Records for the exercise:
==========

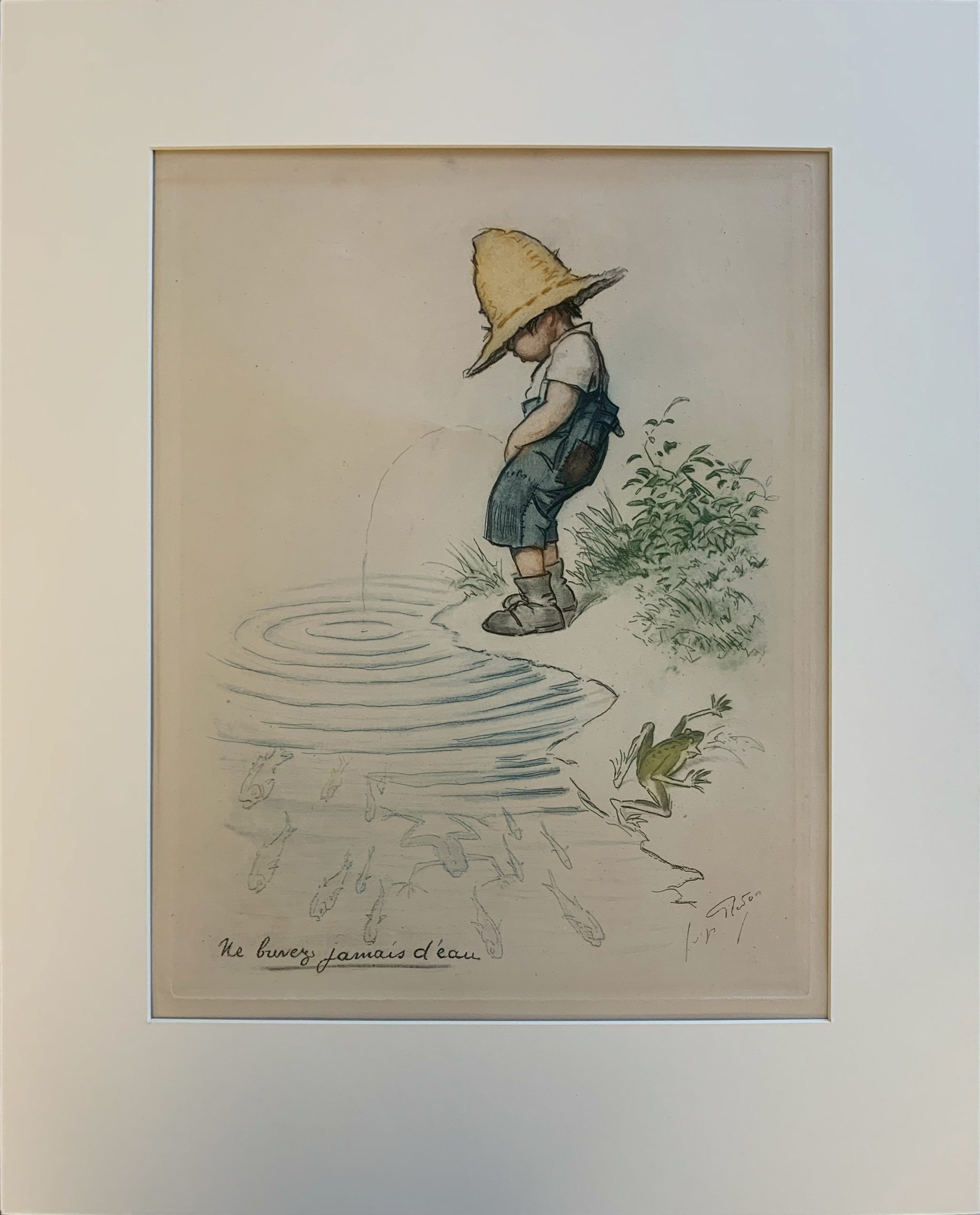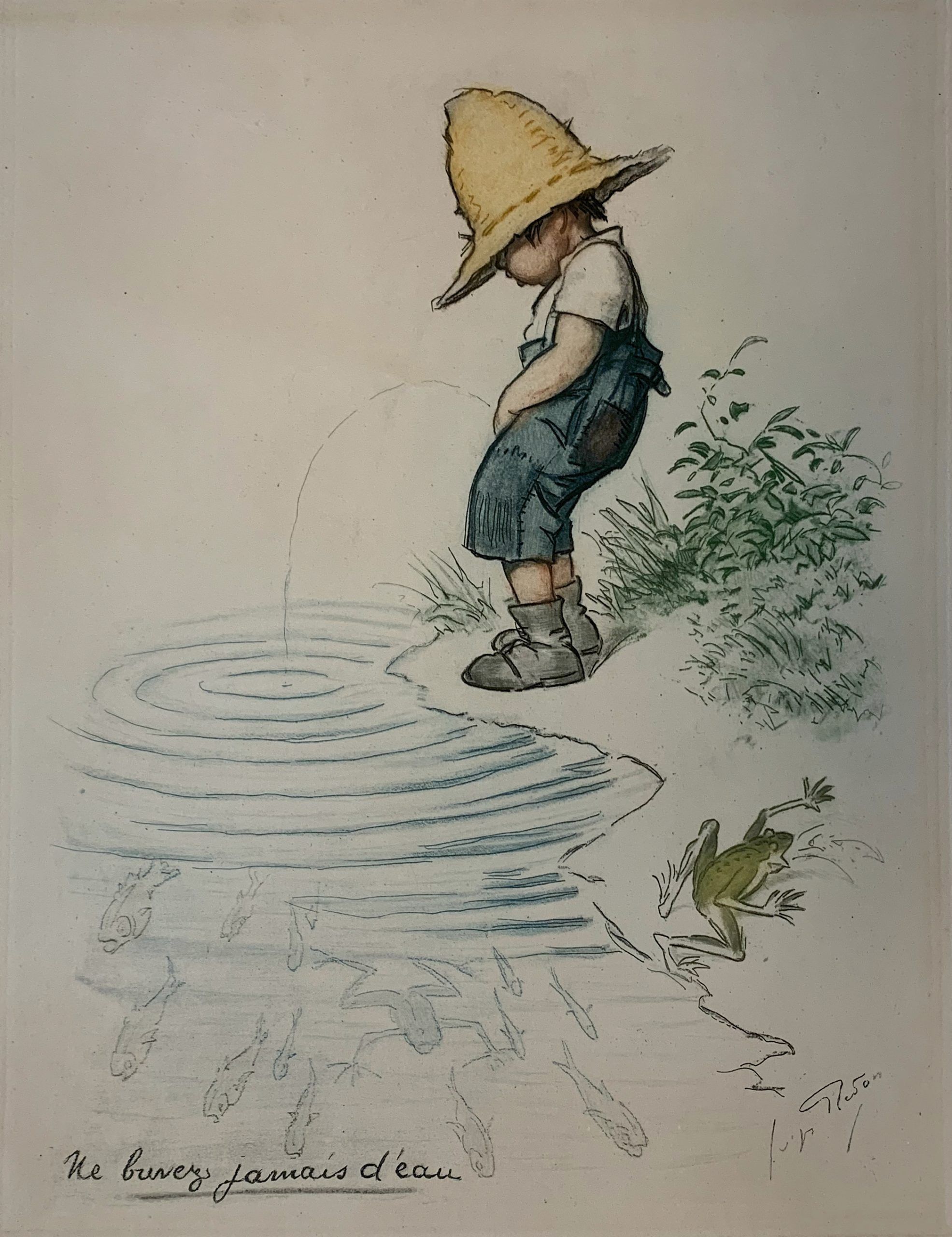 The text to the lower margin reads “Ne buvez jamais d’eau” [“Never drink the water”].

==========

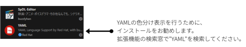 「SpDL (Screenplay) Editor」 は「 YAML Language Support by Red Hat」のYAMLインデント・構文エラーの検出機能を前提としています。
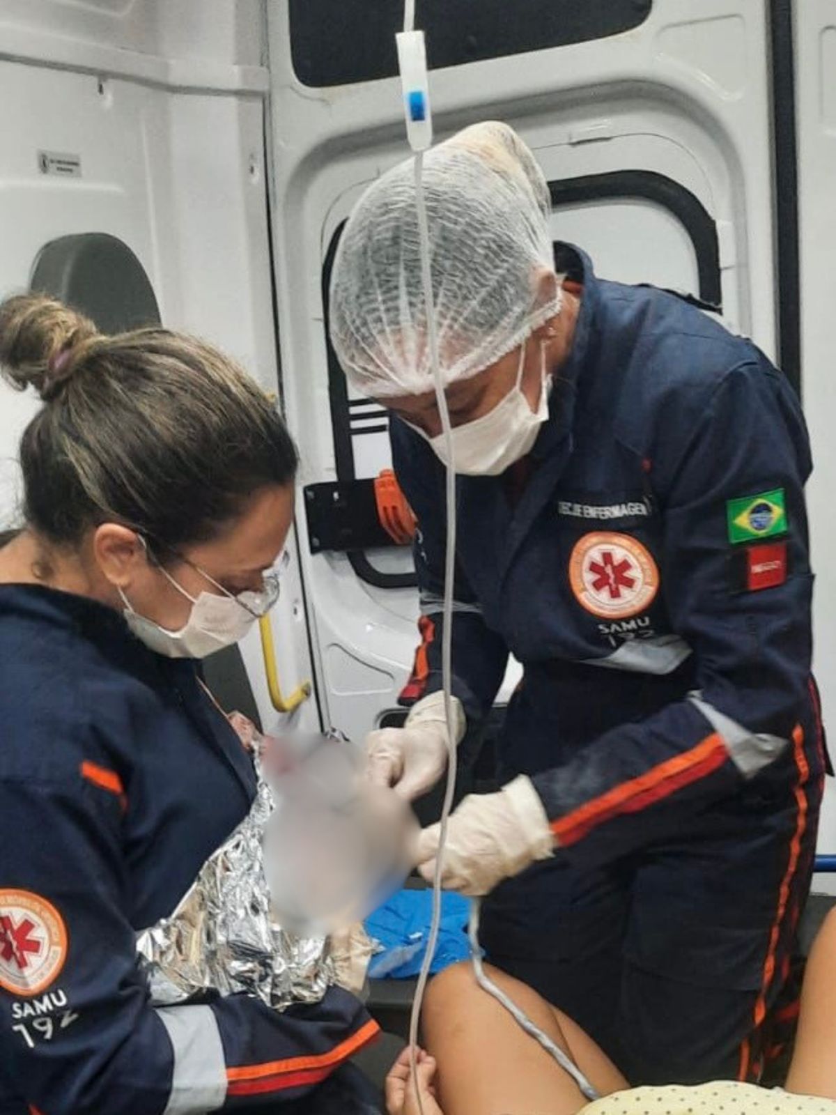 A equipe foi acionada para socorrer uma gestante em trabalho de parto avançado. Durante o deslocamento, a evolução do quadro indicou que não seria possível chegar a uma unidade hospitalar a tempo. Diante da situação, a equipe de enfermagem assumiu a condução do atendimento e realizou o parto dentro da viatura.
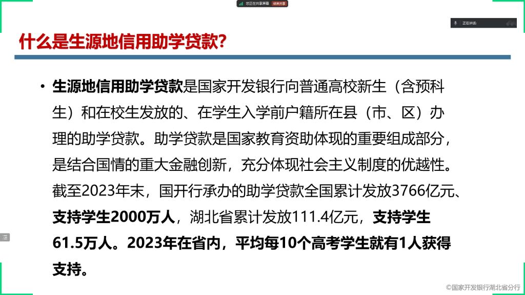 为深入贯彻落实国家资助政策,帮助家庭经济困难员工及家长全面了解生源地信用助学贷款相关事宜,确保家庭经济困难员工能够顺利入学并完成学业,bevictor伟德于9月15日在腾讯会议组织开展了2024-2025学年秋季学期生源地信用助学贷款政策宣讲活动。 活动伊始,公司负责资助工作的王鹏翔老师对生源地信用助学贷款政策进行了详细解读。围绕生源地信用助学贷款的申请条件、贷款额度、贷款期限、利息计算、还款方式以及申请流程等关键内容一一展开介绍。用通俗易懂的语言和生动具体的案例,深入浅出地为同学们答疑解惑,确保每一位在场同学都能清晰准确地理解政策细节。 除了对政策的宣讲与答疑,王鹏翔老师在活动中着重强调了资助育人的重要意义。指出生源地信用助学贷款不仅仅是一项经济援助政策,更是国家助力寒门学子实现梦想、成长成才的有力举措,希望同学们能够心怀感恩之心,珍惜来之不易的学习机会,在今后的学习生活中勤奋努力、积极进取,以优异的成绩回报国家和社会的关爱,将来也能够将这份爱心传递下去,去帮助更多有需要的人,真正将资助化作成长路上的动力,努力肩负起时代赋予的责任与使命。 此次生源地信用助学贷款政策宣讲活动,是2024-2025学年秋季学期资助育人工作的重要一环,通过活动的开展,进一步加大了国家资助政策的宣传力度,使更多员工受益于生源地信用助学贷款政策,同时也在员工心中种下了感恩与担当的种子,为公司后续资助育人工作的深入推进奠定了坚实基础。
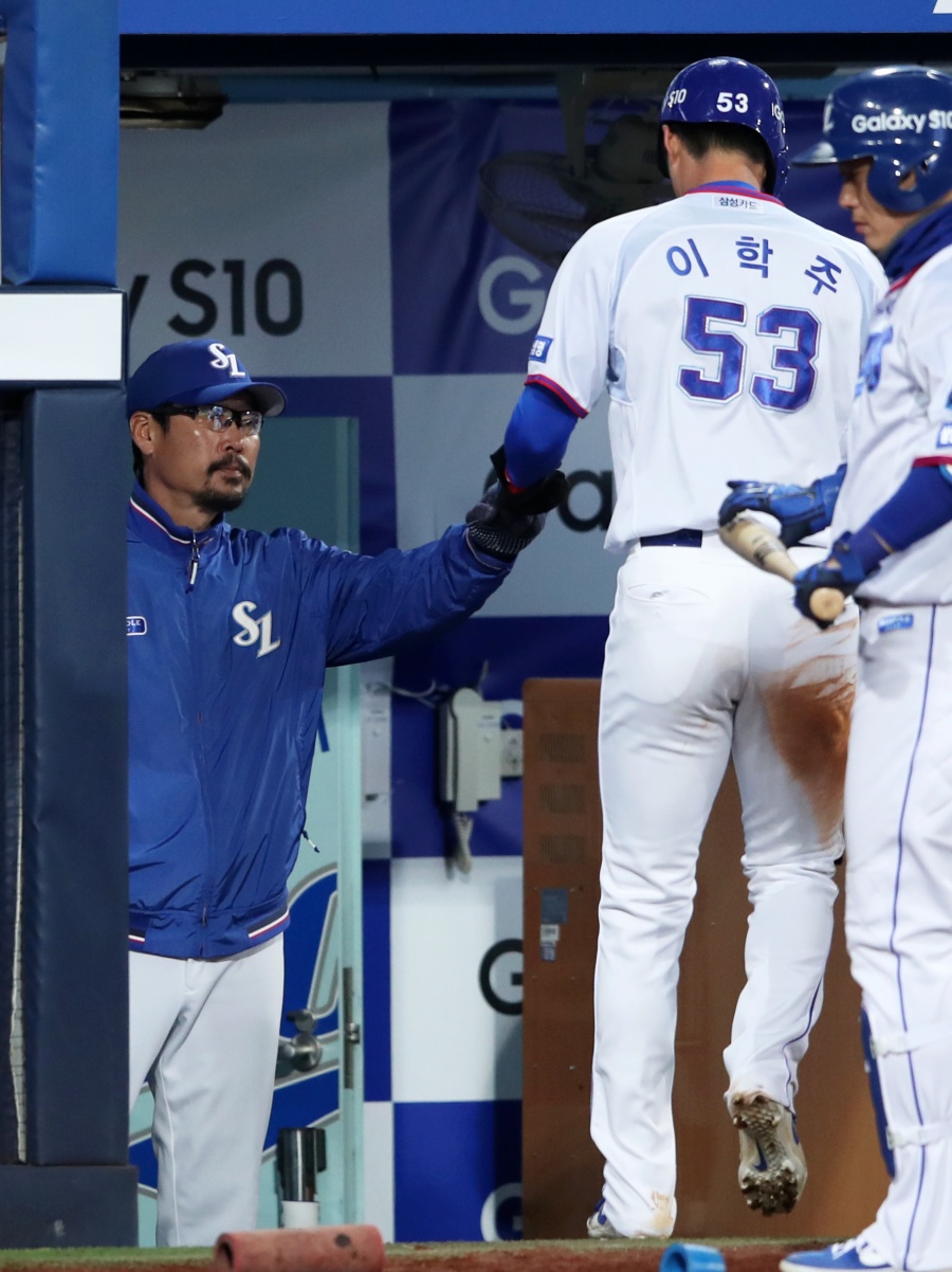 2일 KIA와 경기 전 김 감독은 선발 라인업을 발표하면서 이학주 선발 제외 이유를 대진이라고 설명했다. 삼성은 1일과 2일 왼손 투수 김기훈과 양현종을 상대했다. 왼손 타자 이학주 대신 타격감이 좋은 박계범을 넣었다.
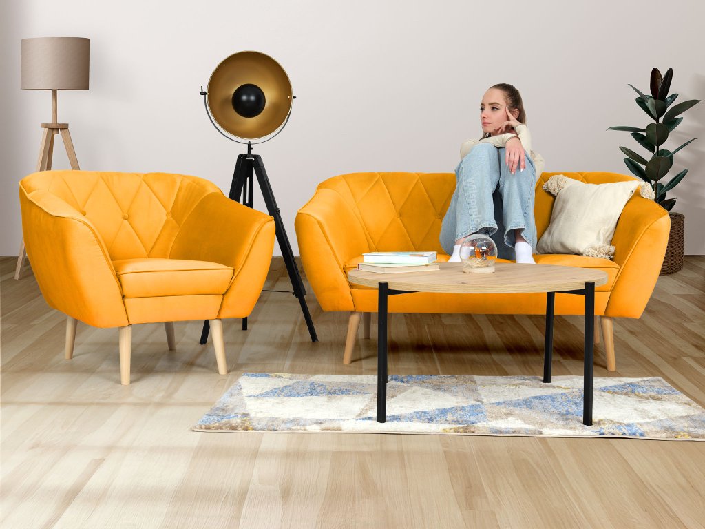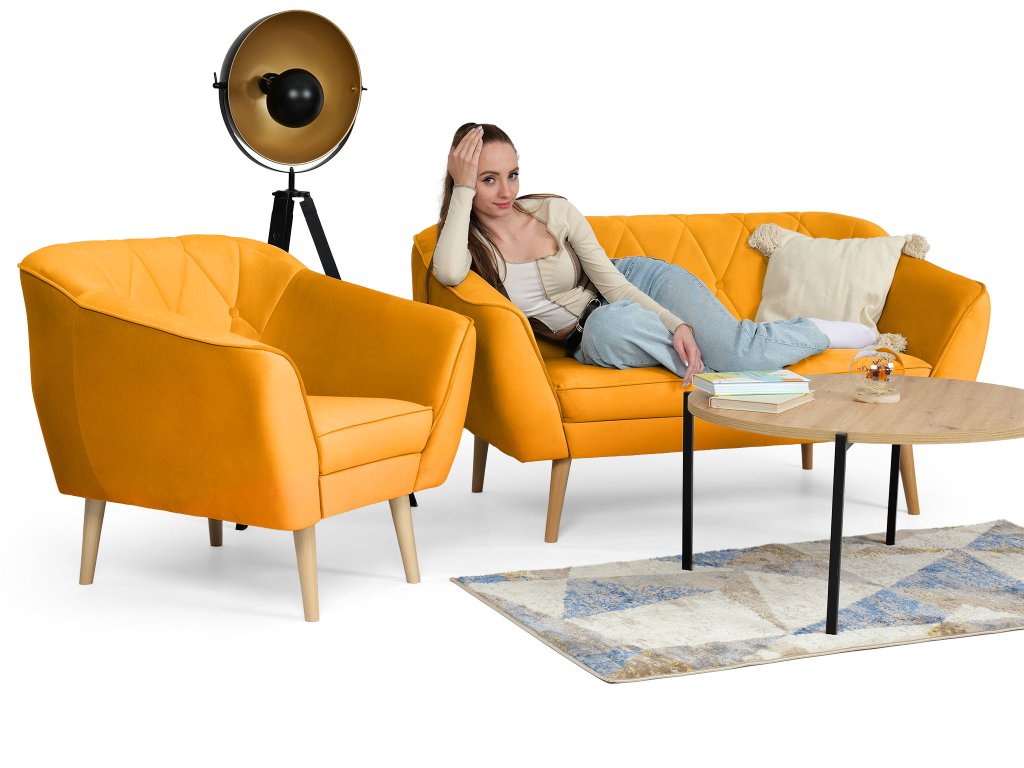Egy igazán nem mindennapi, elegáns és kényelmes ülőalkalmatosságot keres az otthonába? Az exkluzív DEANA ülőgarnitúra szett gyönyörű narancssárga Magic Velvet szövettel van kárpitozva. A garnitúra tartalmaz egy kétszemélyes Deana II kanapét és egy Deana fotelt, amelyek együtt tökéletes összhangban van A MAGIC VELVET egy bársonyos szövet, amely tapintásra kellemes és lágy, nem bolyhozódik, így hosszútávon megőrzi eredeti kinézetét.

==========

Task goal: Repeat exactly the stretch of the listing above that starts with the line holding "by Red Hat」のYAMLインデント・構文エラーの検出機能を前提としています。" and finishes with the line holding "A equipe foi", both included. Skip every picture.

The completed task:
 「SpDL (Screenplay) Editor」 は「 YAML Language Support by Red Hat」のYAMLインデント・構文エラーの検出機能を前提としています。
 A equipe foi acionada para socorrer uma gestante em trabalho de parto avançado. Durante o deslocamento, a evolução do quadro indicou que não seria possível chegar a uma unidade hospitalar a tempo. Diante da situação, a equipe de enfermagem assumiu a condução do atendimento e realizou o parto dentro da viatura.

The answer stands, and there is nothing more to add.